[DATASET CONTENT Boundary: Start]

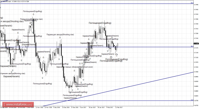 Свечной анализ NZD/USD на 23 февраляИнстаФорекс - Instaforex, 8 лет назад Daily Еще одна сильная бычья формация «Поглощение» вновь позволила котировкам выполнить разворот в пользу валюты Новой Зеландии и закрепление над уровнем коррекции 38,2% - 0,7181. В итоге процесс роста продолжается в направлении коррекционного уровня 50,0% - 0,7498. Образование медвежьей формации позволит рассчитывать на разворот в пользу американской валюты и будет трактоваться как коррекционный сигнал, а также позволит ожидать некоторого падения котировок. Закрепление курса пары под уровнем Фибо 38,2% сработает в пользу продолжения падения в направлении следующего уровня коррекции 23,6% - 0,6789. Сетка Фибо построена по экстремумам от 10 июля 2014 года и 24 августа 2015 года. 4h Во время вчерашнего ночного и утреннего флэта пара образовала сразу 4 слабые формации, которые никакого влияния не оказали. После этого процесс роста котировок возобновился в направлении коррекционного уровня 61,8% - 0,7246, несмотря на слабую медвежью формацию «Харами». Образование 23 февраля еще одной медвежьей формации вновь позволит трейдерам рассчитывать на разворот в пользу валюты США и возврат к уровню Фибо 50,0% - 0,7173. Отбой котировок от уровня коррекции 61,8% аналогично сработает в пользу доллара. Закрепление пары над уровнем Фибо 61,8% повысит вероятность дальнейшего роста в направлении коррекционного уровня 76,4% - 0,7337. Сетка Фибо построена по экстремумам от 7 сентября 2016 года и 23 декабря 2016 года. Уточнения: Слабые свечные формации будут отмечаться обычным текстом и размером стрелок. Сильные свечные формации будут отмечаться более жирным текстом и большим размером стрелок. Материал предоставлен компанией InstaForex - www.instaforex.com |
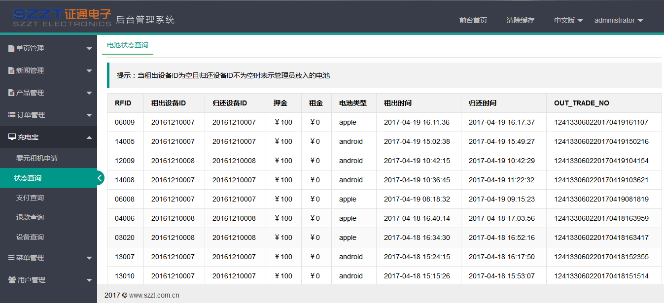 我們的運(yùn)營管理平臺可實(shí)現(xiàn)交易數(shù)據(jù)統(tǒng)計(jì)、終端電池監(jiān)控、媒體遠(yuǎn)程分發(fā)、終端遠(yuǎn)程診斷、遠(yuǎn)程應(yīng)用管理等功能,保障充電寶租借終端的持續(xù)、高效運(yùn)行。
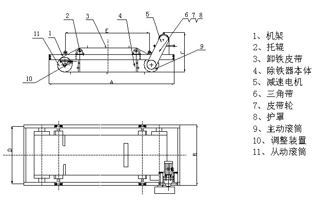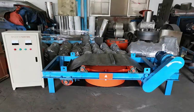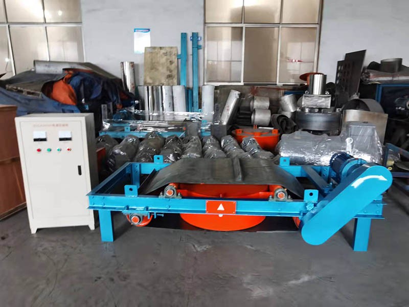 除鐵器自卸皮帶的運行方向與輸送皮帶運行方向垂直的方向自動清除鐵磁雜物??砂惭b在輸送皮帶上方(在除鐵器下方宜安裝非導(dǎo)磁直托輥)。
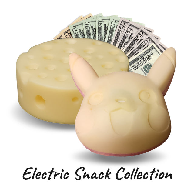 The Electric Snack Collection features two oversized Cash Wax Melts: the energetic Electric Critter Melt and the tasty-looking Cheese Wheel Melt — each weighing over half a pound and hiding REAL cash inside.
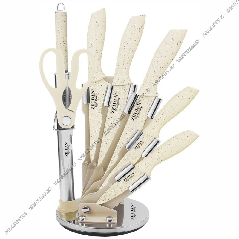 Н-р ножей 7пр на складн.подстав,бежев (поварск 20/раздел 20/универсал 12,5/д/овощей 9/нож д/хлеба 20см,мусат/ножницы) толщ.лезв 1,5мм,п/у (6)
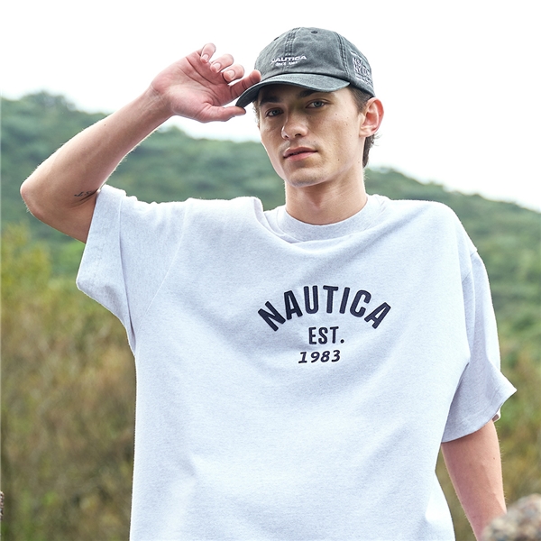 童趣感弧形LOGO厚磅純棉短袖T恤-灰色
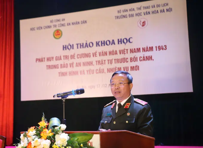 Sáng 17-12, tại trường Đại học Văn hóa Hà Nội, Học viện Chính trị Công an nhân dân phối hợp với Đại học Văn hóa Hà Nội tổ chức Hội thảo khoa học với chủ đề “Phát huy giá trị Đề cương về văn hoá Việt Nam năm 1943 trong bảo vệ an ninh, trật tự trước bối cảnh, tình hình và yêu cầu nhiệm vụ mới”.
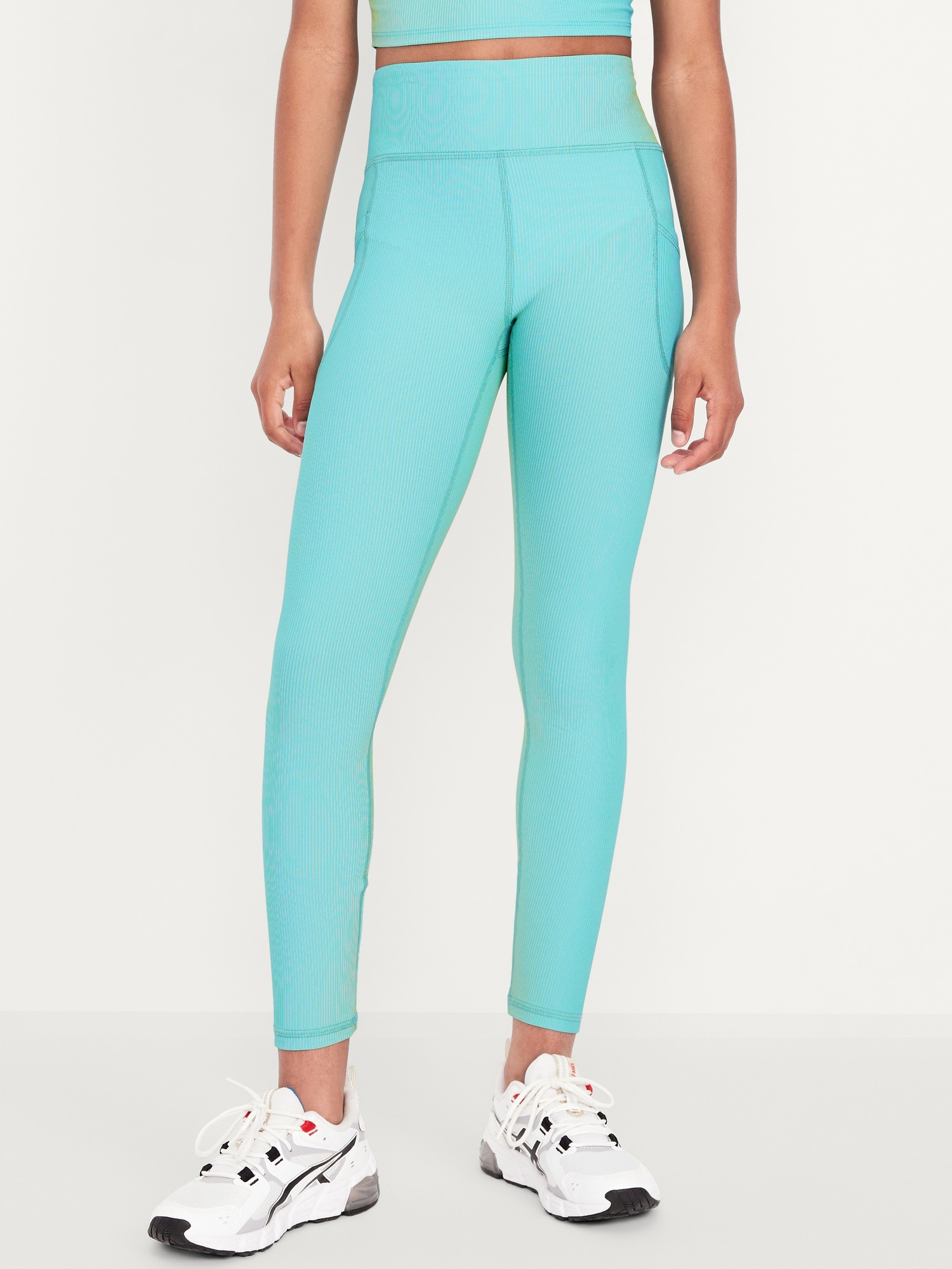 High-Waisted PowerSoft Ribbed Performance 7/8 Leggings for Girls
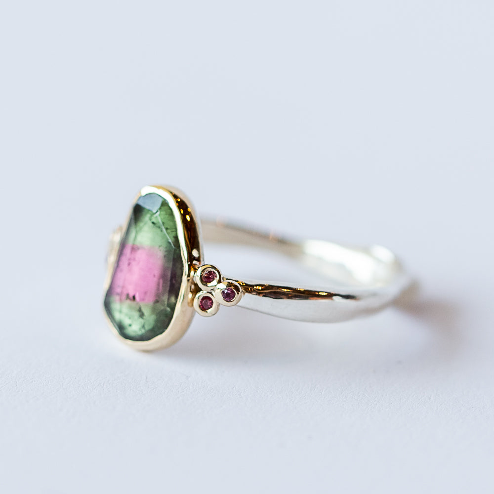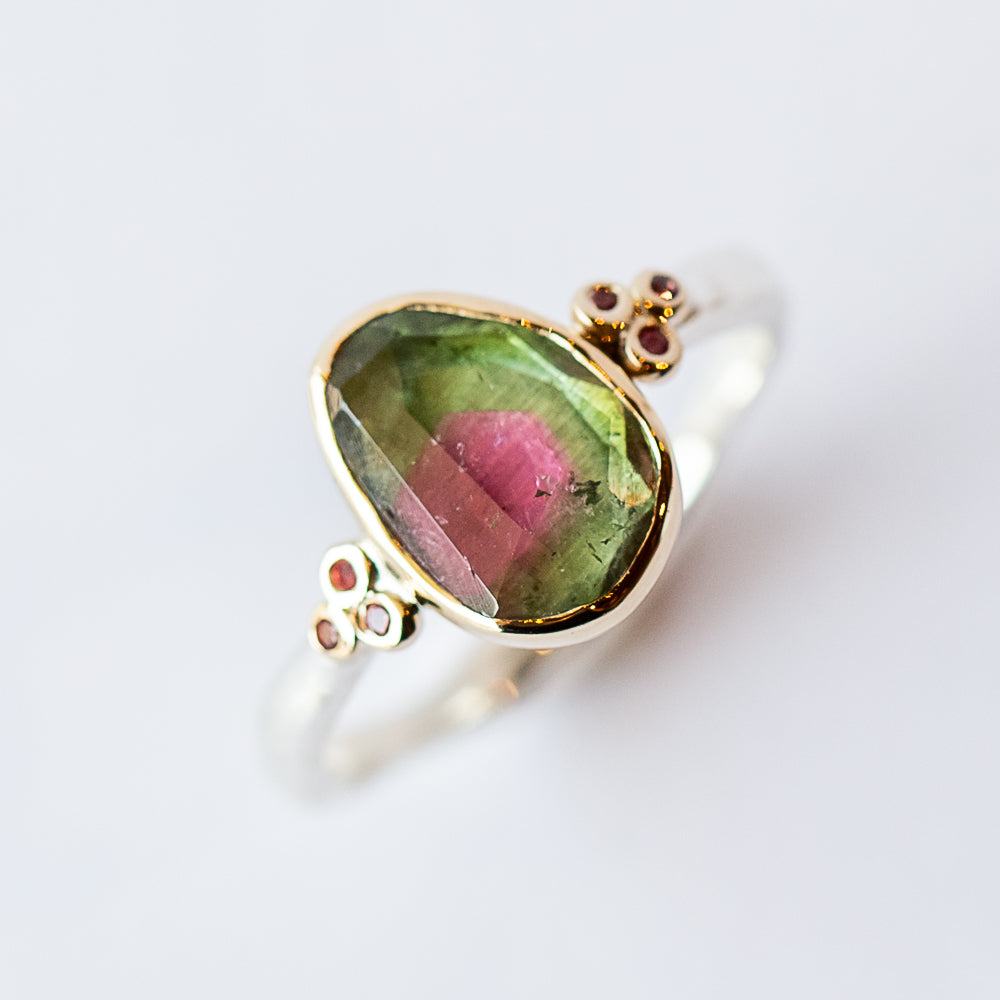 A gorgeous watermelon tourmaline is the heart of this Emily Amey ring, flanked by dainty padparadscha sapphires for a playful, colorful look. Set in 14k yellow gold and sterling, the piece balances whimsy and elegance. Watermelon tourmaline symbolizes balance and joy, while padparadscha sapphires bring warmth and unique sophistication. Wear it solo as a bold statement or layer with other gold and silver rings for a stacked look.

[DATASET CONTENT Boundary: End]
[DATASET CONTENT Boundary: Start]

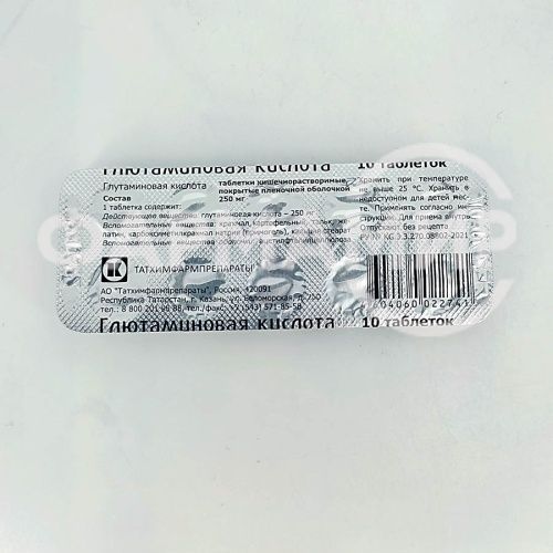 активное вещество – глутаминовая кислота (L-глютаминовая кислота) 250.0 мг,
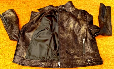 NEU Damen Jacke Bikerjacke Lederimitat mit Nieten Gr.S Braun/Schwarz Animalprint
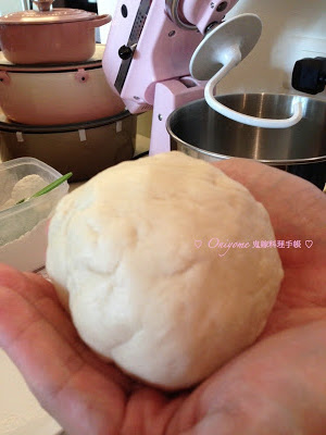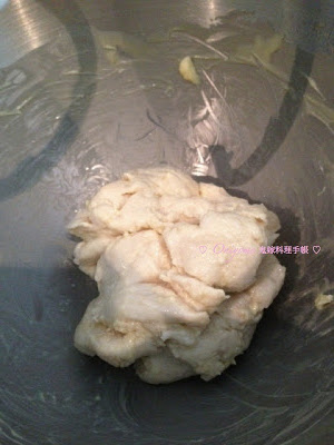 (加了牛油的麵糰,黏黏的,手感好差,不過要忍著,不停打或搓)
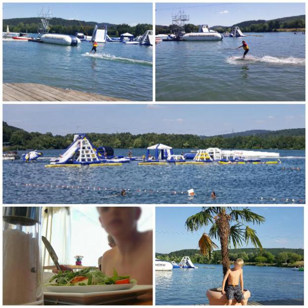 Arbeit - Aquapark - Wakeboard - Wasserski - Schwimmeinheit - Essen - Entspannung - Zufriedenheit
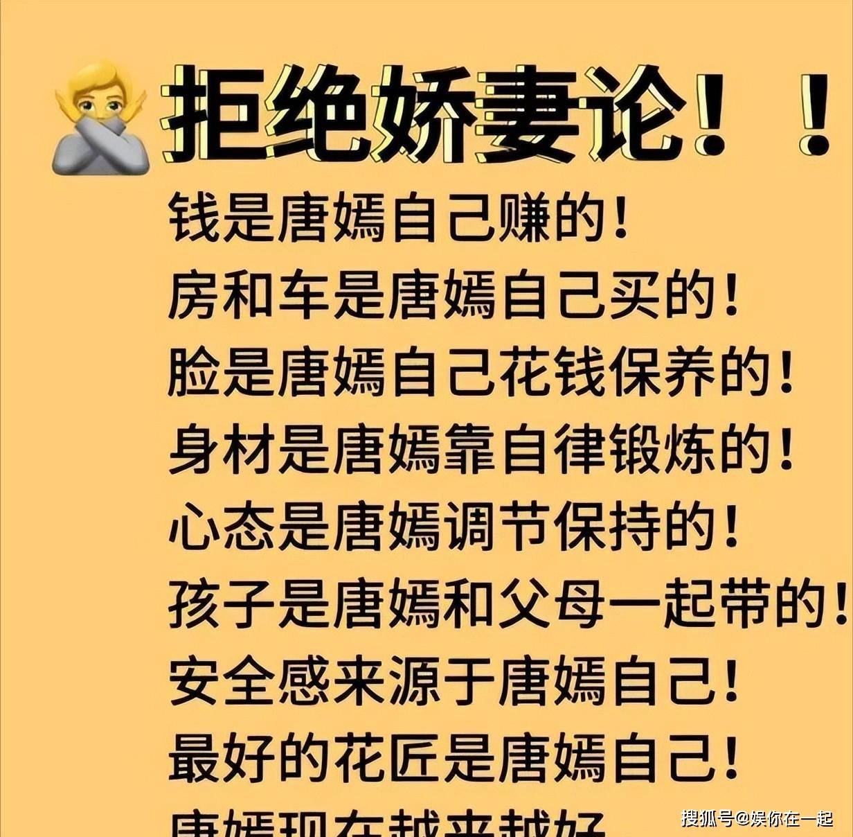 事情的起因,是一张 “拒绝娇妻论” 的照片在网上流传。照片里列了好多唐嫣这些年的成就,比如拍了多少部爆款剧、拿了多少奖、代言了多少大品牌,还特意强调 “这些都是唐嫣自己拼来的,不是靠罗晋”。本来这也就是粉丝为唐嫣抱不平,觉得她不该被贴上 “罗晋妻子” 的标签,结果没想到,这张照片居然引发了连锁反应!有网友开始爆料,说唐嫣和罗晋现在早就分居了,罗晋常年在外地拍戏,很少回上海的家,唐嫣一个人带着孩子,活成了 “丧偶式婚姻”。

[DATASET CONTENT Boundary: End]
[DATASET CONTENT Boundary: Start]

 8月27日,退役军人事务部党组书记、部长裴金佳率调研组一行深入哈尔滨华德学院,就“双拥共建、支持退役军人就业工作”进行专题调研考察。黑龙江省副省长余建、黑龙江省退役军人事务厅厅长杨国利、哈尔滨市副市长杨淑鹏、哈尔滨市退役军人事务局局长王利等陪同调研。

[DATASET CONTENT Boundary: End]

> _TASK PROMPT_
Pictures are to be left out. Write out only the lines above starting at the one with "High-Waisted PowerSoft Ribbed" and ending at the one with "A gorgeous watermelon", both lines included, exactly.

> _YOUR RESPONSE_
 High-Waisted PowerSoft Ribbed Performance 7/8 Leggings for Girls
 A gorgeous watermelon tourmaline is the heart of this Emily Amey ring, flanked by dainty padparadscha sapphires for a playful, colorful look. Set in 14k yellow gold and sterling, the piece balances whimsy and elegance. Watermelon tourmaline symbolizes balance and joy, while padparadscha sapphires bring warmth and unique sophistication. Wear it solo as a bold statement or layer with other gold and silver rings for a stacked look.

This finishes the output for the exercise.